- Genre: Comedy drama
- Written by: Terry Cafolla
- Directed by: Colin Barr
- Starring: Tom Payne Michelle Fairley Lorcan Cranitch Des McAleer
- Theme music composer: Daniel Pemberton
- Country of origin: United Kingdom
- Original language: English

Production
- Producer: Colin Barr
- Editor: Mark Thornton
- Running time: 90 minutes

Original release
- Network: BBC Two BBC Northern Ireland
- Release: 26 April 2009

= Best: His Mother's Son =

Best: His Mother's Son is a 2009 comedy-drama television film that chronicles the life of the late footballer George Best's mother, Ann, and her battles against alcoholism that would ultimately lead to her death at the age of 54. The film was originally broadcast on BBC Two and BBC Northern Ireland on 26 April 2009, receiving ratings of 2.74 million viewers.

Best: His Mother's Son was filmed at County Antrim and Belfast in Northern Ireland, the country where George Best was born in 1946. It starred Tom Payne as the title character, with Michelle Fairley playing his mother Ann and Lorcan Cranitch appearing as his father Dickie. Des McAleer was also featured as the Manchester United manager during George's playing career, Matt Busby.

==Background==
The film looks at the later life of George Best's mother, Ann, who became an alcoholic despite having never touched alcohol before the age of 40. However she became so addicted that it killed her within 10 years. The film focuses upon how much this was influenced by her son's fame and also whether she had an effect on her son, who died in 2005 from organ failure.

==Cast and characters==
- Tom Payne as George Best
- Michelle Fairley as Ann Best
- Lorcan Cranitch as Dickie Best
- Lisa Hogg as Carol Best
- Laura Donnelly as Barbara Best
- Des McAleer as Matt Busby
- Stephen Hagan as Steve Fullaway
- Bronagh Taggart as Ruby Emerson
- Niamh McGrady as Martha Devine

==Controversy==
The film has been met with controversy, with claims from the Best family that the writers and producers had not been given permission to make the film. George Best's sister gave an interview to the Belfast Telegraph in which she said "Everyone declined to participate in [the filming]. The family was asked but we weren't prepared to give the BBC any information on my mum's alcoholism." Julia told the newspaper that she was also a recovering alcoholic and would have found it very difficult to allow the film to be made. She went on to say "As a recovering alcoholic myself I am totally aware of the need for publicity for this subject, but I totally object to anyone using my family to do it — especially since the three main characters in this drama are dead and can’t defend themselves." Barbara McNarry, the sister of George Best, said that the film's portrayal of alcoholism showed a "simplistic and limited understanding of this complex disease".

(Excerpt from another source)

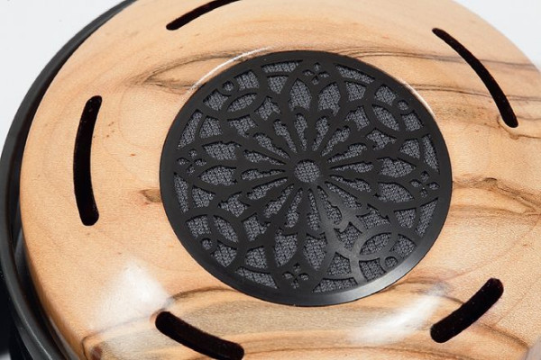 Efektowne muszle wykonano z egzotycznego drewna Maple Ambrosia, centralny otwór przesłonięto wzorzystą siateczką.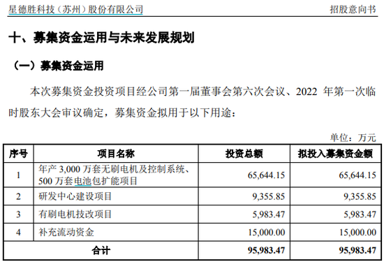 但即便这样,星德胜这次IPO上市,提出的募投项目还是扩产,“年产3000 万套无刷电机及控制系统、500万套电池包扩能项目”,总投资额高达6.5个亿。

There was also controversy over how accurately events are portrayed, despite the fact that real game footage and interviews are used within the film. Tom Payne was quoted in an interview saying "It's meant to be based on real events but there are some parts which are made for TV". He also said that he had done much reading to prepare for the role but "as far as the family are concerned, they were unconnected to the film".

==Reception==

The film received a mixed response from television critics. Andrew Billen, writing in The Times, gave it 3 stars out of 5 said of Tom Payne's performance "Tom Payne as George surprised early on by emphasising his shyness and naivety but he did not grow sufficiently to convince us that he had the charisma and stature of a fifth Beatle". Sky Television wrote that it was a "much hyped drama, but one thing is for sure that the compelling story of the boy from Belfast who went on to become a world class footy player - will always be in the nation's hearts." The Daily Telegraphs Damian Thompson wrote that it was a "gloomy drama" in terms of the material it was dealing with but "the recreation of late-Sixties Belfast was accurate and...intelligently subdued" and described Michelle Fairley's portrayal of Ann Best as "magnificent, pulling off the difficult trick of conveying the hidden drunkenness of the respectable woman alcoholic." Tom Sutcliffe, writing in The Independent, drew comparisons with Five Minutes of Heaven, a recent drama that was also set in Northern Ireland. He said that the film "remained penned in by biographical fidelity" and "it somehow seemed smaller than the tale it was telling...it consciously offered the back-story to a larger and better-known melodrama...it never seemed entirely sure what to do with the material it had."